Pydantic's HttpUrl validates URL structure and integrates beautifully with FastAPI models — but it performs zero security checks. No SSRF protection, no injection detection, no scheme blocking beyond basic format.

ssrf-protect focuses narrowly on IP-based SSRF. It doesn't handle encoded IPs, DNS rebinding, path traversal, XSS, or encoding bypasses. It also has limited cloud metadata coverage.

SafeURL and Advocate are deprecated and unmaintained. SafeURL had a known SSRF bypass via regex (CVE-2023-24622). Advocate hasn't been updated in years.

urlpolice is the only Python library that treats URL validation as a full security pipeline — not a single check, but 16+ checks executed in the correct security-critical order, covering the encoding tricks and bypass techniques that appear in real-world CVEs.


🔥 Usage Examples

🔗 Example 1 — Webhook Registration

from urlpolice import URLPolice

police = URLPolice.webhook()  # HTTPS only, no private IPs, DNS rebinding check

def register_webhook(callback_url: str) -> dict:
    result = police.validate(callback_url)
    if not result:
        return {"error": "Invalid callback URL", "details": result.errors}
    save_webhook(result.url)  # safe to store and call later
    return {"status": "registered"}

💬 Example 2 — User-Submitted Links

from urlpolice import URLPolice

police = URLPolice.user_content()

urls = [
    "https://example.com/article",           # ✅ valid
    "javascript:alert(document.cookie)",      # 🚫 XSS
    "http://127.0.0.1:6379/",                # 🚫 SSRF
    "https://example.com/../../etc/passwd",   # 🚫 traversal
]

results = police.validate_batch(urls)
safe_urls = [r.url for r in results if r.is_valid]

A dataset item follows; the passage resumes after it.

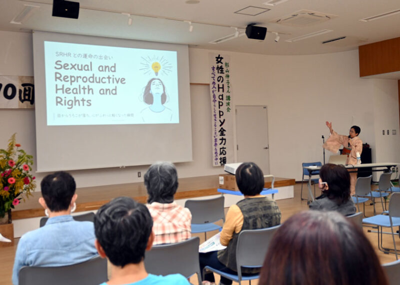 杉山さんは、自身の活動についての経過説明を、結婚、言葉や仲間との出会いなど人生の転機となった出来事を通じて紹介。その一つに「リプロダクティブ・ヘルス・ライツ(SRHR)=性と生殖に関する健康と権利」という言葉と出合い、未婚や子どもがいないことを負い目に感じていたことから解放された思いにふれて、「SRHRは自分らしく生きるためのパスポートだった」と話しました。

🔐 Example 3 — Strict API Gateway

from urlpolice import URLPolice

police = URLPolice(
    allowed_schemes=frozenset({"https"}),
    allowed_domains=frozenset({"api.partner1.com", "api.partner2.com"}),
    perform_dns_resolution=True,
)

result = police.validate("https://api.partner1.com/v2/data")
assert result.is_valid  # ✅ known partner

result = police.validate("https://api.unknown.com/v2/data")
assert not result.is_valid  # 🚫 not in allowlist

⚙️ Configuration

All options are set via ValidatorConfig. Pass them as keyword arguments or supply a config object:

from urlpolice import URLPolice, ValidatorConfig

# Keyword arguments
police = URLPolice(allow_private_ips=True, allowed_schemes=frozenset({"https"}))

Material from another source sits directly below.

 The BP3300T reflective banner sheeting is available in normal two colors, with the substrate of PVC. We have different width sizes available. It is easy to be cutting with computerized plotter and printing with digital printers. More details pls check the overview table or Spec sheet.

# Or explicit config object
config = ValidatorConfig(allow_private_ips=True, dns_timeout=3)
police = URLPolice(config=config)

📋 Options Reference

Option Type Default Description
allowed_schemes frozenset[str] {"http", "https"} Permitted URL schemes
allowed_domains frozenset[str] | None None Domain allowlist (None = all allowed)
blocked_domains frozenset[str] set() Domains that are always rejected
allowed_ports frozenset[int] | None None Port allowlist (None = all standard ports)
allow_private_ips bool False Allow RFC 1918 / reserved addresses
allow_credentials bool False Allow user:pass@ in the URL
allow_redirects bool False Allow open-redirect query parameters
max_url_length int 2048 Maximum URL length (DoS prevention)
max_label_length int 63 Maximum DNS label length (RFC 1035)
perform_dns_resolution bool True Resolve hostnames and validate resolved IPs
check_dns_rebinding bool True Warn on suspiciously many resolved addresses
dns_timeout int 5 DNS resolution timeout in seconds
disabled_checks frozenset[str] set() Check names to skip entirely

🎚️ Disabling Specific Checks

police = URLPolice(disabled_checks=frozenset({"homograph", "redirect"}))

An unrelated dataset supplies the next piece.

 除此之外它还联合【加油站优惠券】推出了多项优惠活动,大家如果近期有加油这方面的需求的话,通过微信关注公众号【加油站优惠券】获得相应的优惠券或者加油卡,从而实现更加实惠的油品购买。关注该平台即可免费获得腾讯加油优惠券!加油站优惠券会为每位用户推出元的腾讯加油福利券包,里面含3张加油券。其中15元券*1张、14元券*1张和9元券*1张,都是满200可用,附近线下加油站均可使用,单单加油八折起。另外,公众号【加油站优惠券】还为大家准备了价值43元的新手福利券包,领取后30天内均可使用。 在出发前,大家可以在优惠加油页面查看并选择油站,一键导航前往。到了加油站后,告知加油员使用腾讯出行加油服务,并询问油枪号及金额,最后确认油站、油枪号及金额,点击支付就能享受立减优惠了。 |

Available check names: ssrf · scheme · credentials · redirect · xss · traversal · dns · injection · homograph · encoding · ip · port


🎯 Presets

Four battle-tested presets for the most common scenarios:

from urlpolice import URLPolice

police = URLPolice.strict()        # 🔒 Production APIs — maximum security
police = URLPolice.permissive()    # 🛠️ Local development — everything allowed
police = URLPolice.webhook()       # 🔗 Webhook callbacks — HTTPS + DNS check
police = URLPolice.user_content()  # 💬 User-submitted links — balanced safety
Preset Schemes Private IPs Credentials Redirects DNS
🔒 strict HTTPS only
🛠️ permissive HTTP + HTTPS
🔗 webhook HTTPS only
💬 user_content HTTP + HTTPS

📄 File-Based Configuration

Store settings in TOML or JSON — no code changes needed for different environments:

📝 TOML Example
# urlpolice.toml
[urlpolice]
allowed_schemes = ["https"]
allowed_domains = ["api.example.com", "cdn.example.com"]
blocked_domains = ["evil.com"]
allowed_ports = [443, 8443]
allow_private_ips = false
allow_credentials = false
allow_redirects = false
max_url_length = 2048
perform_dns_resolution = true
check_dns_rebinding = true
disabled_checks = ["homograph"]
📝 JSON Example
{
  "urlpolice": {
    "allowed_schemes": ["https"],
    "allowed_domains": ["api.example.com"],
    "blocked_domains": ["evil.com"],
    "allowed_ports": [443, 8443],
    "allow_private_ips": false
  }
}
from urlpolice import URLPolice

police = URLPolice.from_config("urlpolice.toml")
# or
police = URLPolice.from_config("config/security.json")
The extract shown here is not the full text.